Bitcoin has been consolidating in the past 10 days amid record-low trading volumes. After some period of volume accumulation, the price broke below the level of $19K. So, over the past 24 hours, BTC has dropped by 6% and by 7.5% in the week. Given the current fundamental and technical background, Bitcoin's capitalization may continue to decline. The most likely scenario is the retest of $17,7K or a further fall of the quote until it tests the local low.
The number one cryptocurrency is steadily following the bearish scenario that we have been talking about for the past week. The price failed to settle above $20,8K, thus canceling the bullish scenario. So, the asset keeps moving lower after breaking through the key support area of $20,5K-$21K. BTC/USD has once again touched the support at $19,5K and broke below the level to head for the $18,7K mark. As the coin was tumbling, more than 102,000 positions worth $356 million were canceled.
On the D1 chart, BTC made a downside breakout of the key support at $19,5K and rapidly plunged to the area of $18,5K-$18,7K. On September 6, the cryptocurrency formed the bearish engulfing pattern. This pattern clearly signals the end of consolidation and the victory of sellers. The current support zone at $18,5K-$18,7K serves as the last threshold for buyers where they can prevent the retest of the local low. If bearish bias strengthens, BTC is likely to initiate another decline towards $17,7K and hit a new low.

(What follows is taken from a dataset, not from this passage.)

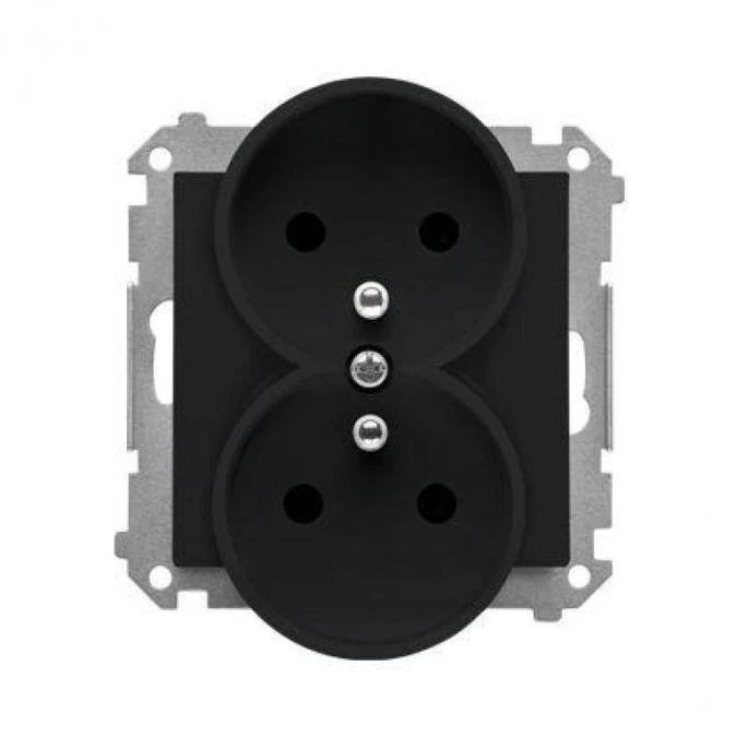 8. Simon 55 Gniazdo wtyczkowe podwójne z uziemieniem z przesłonami (moduł) 16 A, 250 V~, szybkozłącza Czarny mat TGZ2MCZ.01/149 47.38
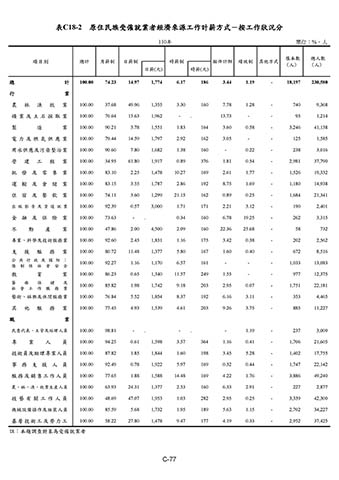 表C18-2 原住民族受僱就業者經濟來源工作計薪方式-按工作狀況分

Bitcoin's daily chart show signs of bulls gaining momentum. Thus, the RSI has closely approached the oversold zone but hesitates to leave it, which may indicate the start of the flat movement. It may also mean that the bearish pressure is easing and the volume of long positions is rising. The Stochastic Oscillator is struggling to leave the oversold zone. The metric shows another formation of the bullish crossover. Yet, given the overall state of the market, the bullish momentum is unlikely to be activated. Despite some positive signs on the daily chart, Bitcoin will most likely slide further.

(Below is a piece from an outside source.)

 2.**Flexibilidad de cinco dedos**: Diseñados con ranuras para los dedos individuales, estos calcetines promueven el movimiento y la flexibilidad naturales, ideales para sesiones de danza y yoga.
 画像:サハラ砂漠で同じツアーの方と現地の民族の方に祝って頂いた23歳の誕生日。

Short-term investors may act as the main catalyst for pushing the price of Bitcoin to $17,7K. According to Glassnode data, many short-term investors bought the asset when it was consolidating near $20K. After a drop below $20K and then below $19K, the number of losing trades on BTC has considerably increased by 13%. 60% of losing trades have been opened by short-term investors. There is a high risk that speculators will get rid off BTC and reduce its trading volume, thus triggering a fall to the local low and beyond.
Another factor proving the future negative scenario is the strong correlation of Bitcoin with the S&P 500 index and the US dollar. As we can see, both BTC and S&P are steadily heading for the bottom. In the meantime, DXY continues its rally supported by Fed's monetary policy. This confirms the fundamental character of the downtrend in Bitcoin. Therefore, the cryptocurrency may soon retest the local low.